We want to emphasize that the center descriptors are not fixed, but learned during training. In fact, the center descriptors are trainable weights of the Descriptor CNN in our implementation. Also, even though we optimize a triplet criterion, we do not require location field triplets as training input. Only a single location field and its corresponding 3D model index $y_{i}$ are needed. The center descriptors required for the Triplet loss are sampled within the Descriptor CNN. Additionally, hard triplet mining [50] is less important, because we always sample the closest non-corresponding center descriptor and also employ Center and softmax losses.

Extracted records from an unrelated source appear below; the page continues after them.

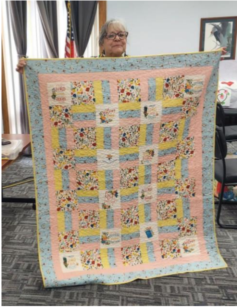
Hugs & Prayers For a Friend's Grandson
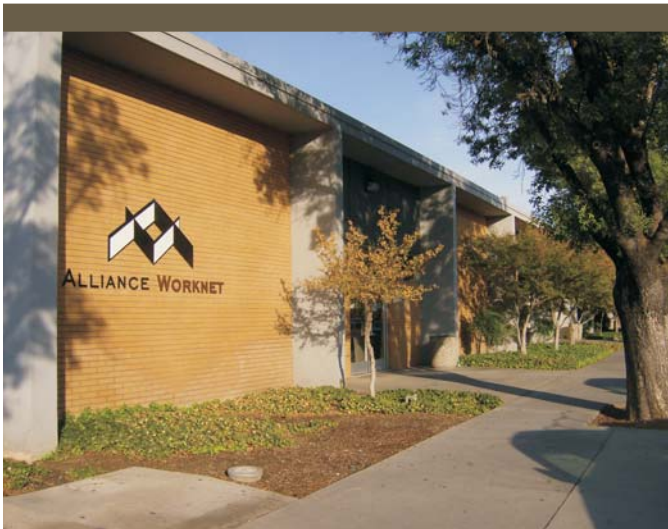
Alliance WorkNet Modesto One-Stop Career Center

served in the Stanislaus County Local Workforce Investment Area were TANF clients. The local WIA has a 77.1 percent rate of clients entering employment. The county exhibits a higher than national average rate of unemployment and poverty. Particularly significant is the 26.2 percent of adults over the age of 25 within the county that do not have a high school diploma, compared to the 15.4 percent national average. The largest urban area in Stanislaus County is Modesto. Similar to the county trend, Modesto characteristics include higher than national average levels of unemployment and poverty, and a significantly higher percent of adults without a high school diploma.
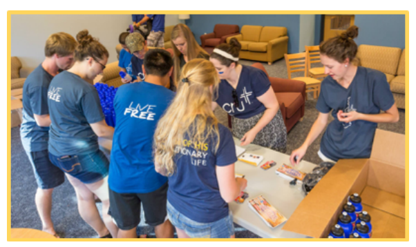
Cru UNH Students prepping water bottles for Freshman Outreach
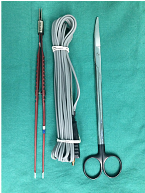
Figure 1 Tissue scissors and bipolar electrocoagulator used in the snip-electrocoagulation technique for liver resection.

The clamp-crushing technique (CCT), which was introduced in the 1970s, has become the most popular technique for parenchymal transection for its availability and simplicity in bleeding control, and it has been accepted as the gold standard technique for parenchyma transection in liver resection (13-15). One meta-analysis revealed that the CCT had faster dissecting speed, less intraoperative bleeding, and a similar rate of morbidity when compared with other transection techniques such as the hydrojet and radiofrequency dissection sealer, and the cavitron ultrasonic surgical aspirator (CUSA) (16). However, in recent clinical practice, we found that the liver parenchyma could be dissected quickly using tissue scissors and bipolar electrocoagulator, and this method led to clearer exposure of the intrahepatic vascular and biliary structures and less intraoperative hemorrhage than the CCT. We named this sharp dissection method the “snip-electrocoagulation technique” (SET). Here, we introduce this novel technique in detail and evaluate its safety and effectiveness in comparison to CCT for parenchyma transection in liver resection. We present the following article in accordance with the STROBE reporting checklist (available at http://dx.doi.org/10.21037/atm-20-3019 ).

We jointly train the Descriptor CNN on predicted and rendered location fields. This is a major advantage compared to previous approaches that directly map to an embedding space, because training data in the form of RGB images with 3D model annotations is limited. In contrast, we benefit from training on a virtually infinite amount of synthetic data. Additionally, the intermediate location field prediction serves as a regularizing bottleneck and reduces the risk of overfitting, because regressing location fields is more difficult than computing embeddings.

Since there is a domain gap between predicted and rendered location fields, we perform Feature Mapping [44]. We use a residual block [18, 19] to map location field descriptors from the predicted to the rendered domain. Thus, the training input either consists of pairs of corresponding predicted and rendered location fields or single location fields, and a 3D model index $y_{i}$ in both cases. In the case of pairs, we compute an additional Feature Mapping loss between corresponding feature-mapped predicted and rendered location field descriptor using the Huber distance [23].

To perform retrieval from a previously unseen 3D model database, we generate center descriptors without retraining. For each unseen 3D model, we render 100 location fields under different 3D poses, compute their embeddings using the Descriptor CNN and average them to obtain a new center descriptor. Alternatively, we can retrain the Descriptor CNN by incorporating the new 3D models as additional rendered location fields. In any case, the center descriptors are computed offline which results in fast inference.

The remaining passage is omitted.